Denke der Unterschied liegt nur in der Ausstattung, glaube kaum, dass Cube deshalb verschiedene Rahmen produziert. 
Der Pro ist halt paar Hunderter teurer und ein paar hundert Gramm leichter mit mehr XT.
Denk das solltest du deinen Geldbeutel entscheiden lassen...


----------



## simond1 (30. Mai 2009)

wunderbar26 schrieb:


> Kann dazu jemand etwas sagen?
> 
> Danke Markus


 
Laut Beschreibung entspricht der Rahmen des AMS CC dem des XMS! Zumindest, wenn man diese Website glauben schenken darf. http://www.fahrrad-online-shop.com/cube-2009-p-18639.html
Inzwischen hab ich aber auch schon andere Infos gelesen...
simond


----------



## wunderbar26 (30. Mai 2009)

Juhu! Hab's gekauft in 20". 
Beim 18" war die Stattelstütze bei mir schon fast auf Maximum ausgezogen =>20".

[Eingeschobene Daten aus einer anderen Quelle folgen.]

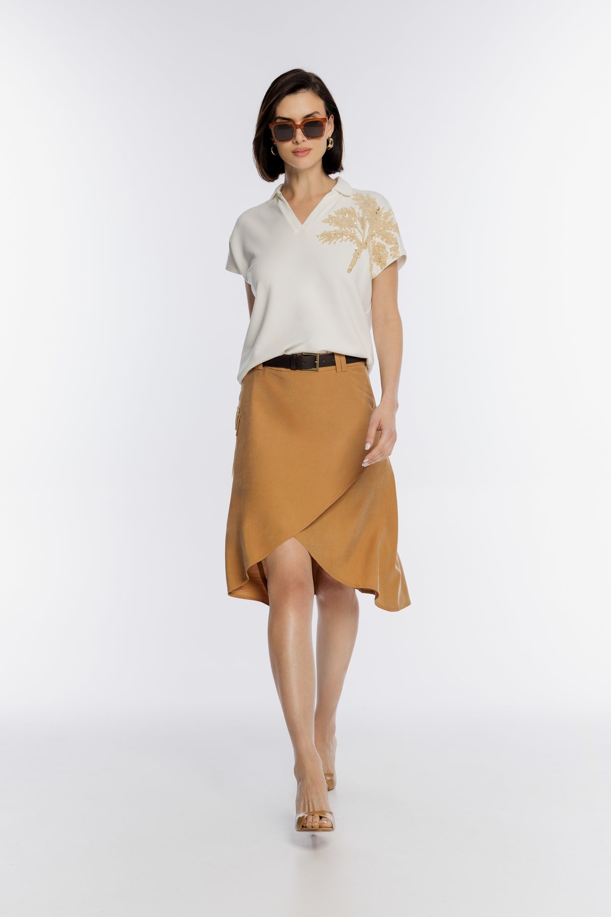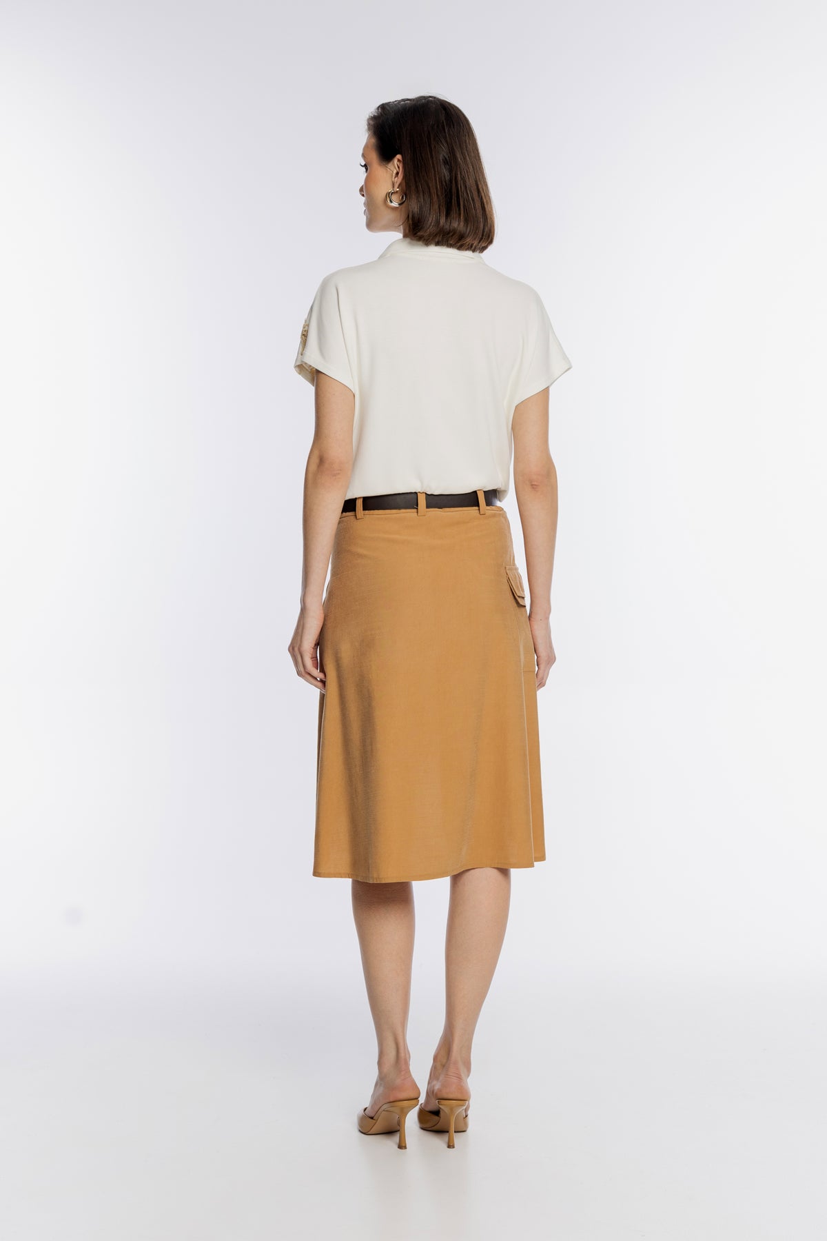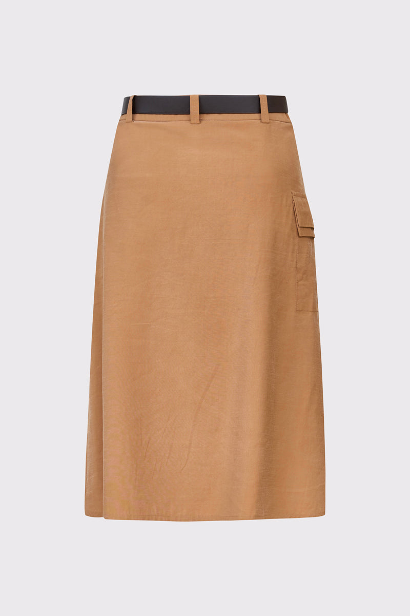 Stylowa spódnica damska o długości midi, wykonana z lekkiego materiału w ciepłym odcieniu brązu. Model charakteryzuje się nowoczesnym, asymetrycznym krojem kopertowym, który nadaje sylwetce lekkości i dynamiki. Spódnica wyposażona jest w ciemnobrązowy pasek z klasyczną klamrą oraz funkcjonalną kieszeń cargo z patką umieszczoną na boku, co przełamuje elegancki fason nutą stylu utility. Idealna zarówno do codziennych, jak i bardziej oficjalnych zestawień, zapewniając wyjątkowy wygląd i wygodę przez cały dzień.

Hab's auch wiegen lassen. Mit den Original-Pedalen 13,5 kg => muß fast der AMS COMP Rahmen sein, weil sonst fast alles XT ist. 
Wo käme sonst das Gewicht her?

@ simond1: Der XMS-Rahmen kanns nicht sein, sieht ganz anders aus (obenliegende Bowdenzüge beim Oberrohr, Suntour Dämpfer,...)

Merkwürdig ist,  laut Cube Homepage (Angaben für kleinste Rahmengröße):
AMS COMP:
Rahmen: 2,3 kg

AMS Pro (100) XT:
Rahmen: 2,2 kg
Gesamt: 11,7 kg

Das würde heißen:
Das AMS CC 2009 (=komplett XT) hat nur 0,1 kg schwereren Rahmen, und hätte um fast 2 kg mehr Gewicht als das AMS Pro XT?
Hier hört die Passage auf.